## Records shown:
_____

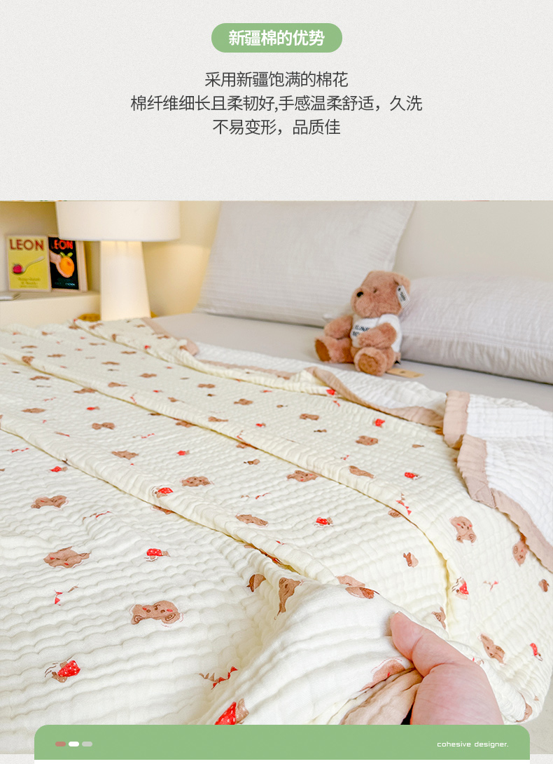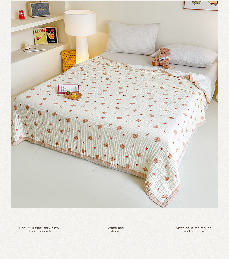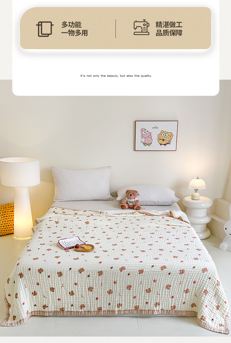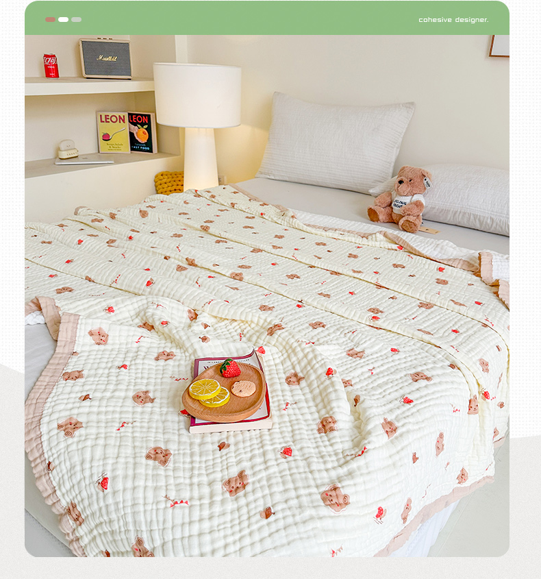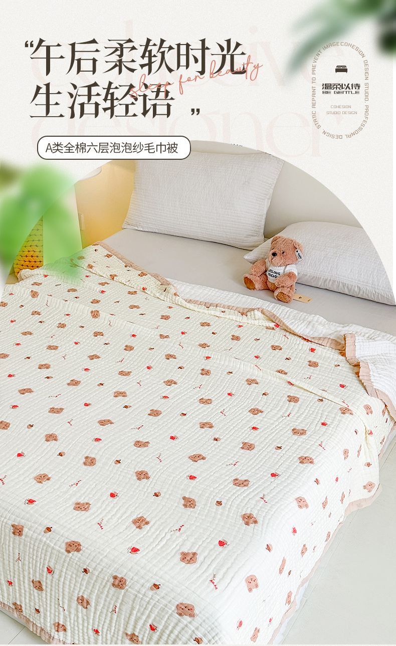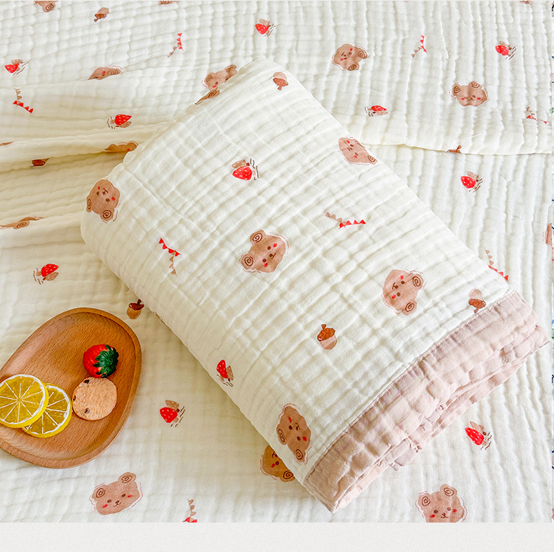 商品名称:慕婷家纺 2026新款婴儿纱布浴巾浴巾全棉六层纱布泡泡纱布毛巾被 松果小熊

_____

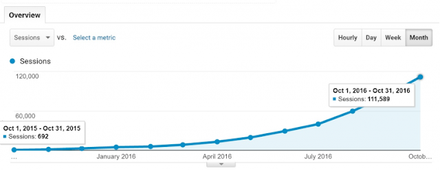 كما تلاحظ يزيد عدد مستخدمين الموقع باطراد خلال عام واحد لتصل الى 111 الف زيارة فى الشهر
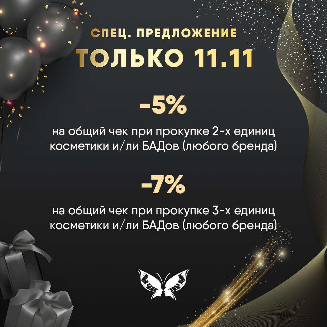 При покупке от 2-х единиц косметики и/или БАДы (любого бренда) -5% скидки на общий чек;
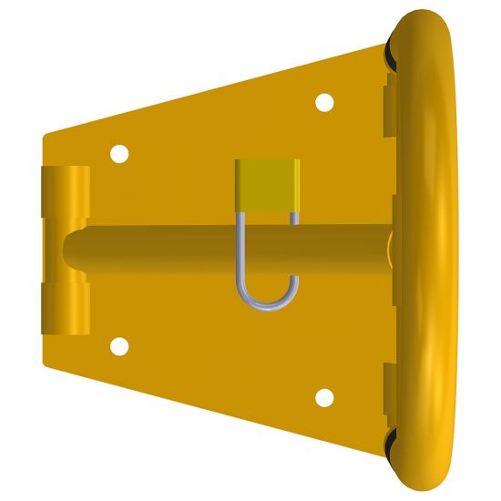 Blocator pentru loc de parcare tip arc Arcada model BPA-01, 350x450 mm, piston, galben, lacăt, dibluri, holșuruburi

_____

## What to produce:
Exact copy, pictures excluded: from the line with "كما تلاحظ يزيد" up to and including the line with "Blocator pentru loc" in the data above.

## Response to this task:
 كما تلاحظ يزيد عدد مستخدمين الموقع باطراد خلال عام واحد لتصل الى 111 الف زيارة فى الشهر
 При покупке от 2-х единиц косметики и/или БАДы (любого бренда) -5% скидки на общий чек;
 Blocator pentru loc de parcare tip arc Arcada model BPA-01, 350x450 mm, piston, galben, lacăt, dibluri, holșuruburi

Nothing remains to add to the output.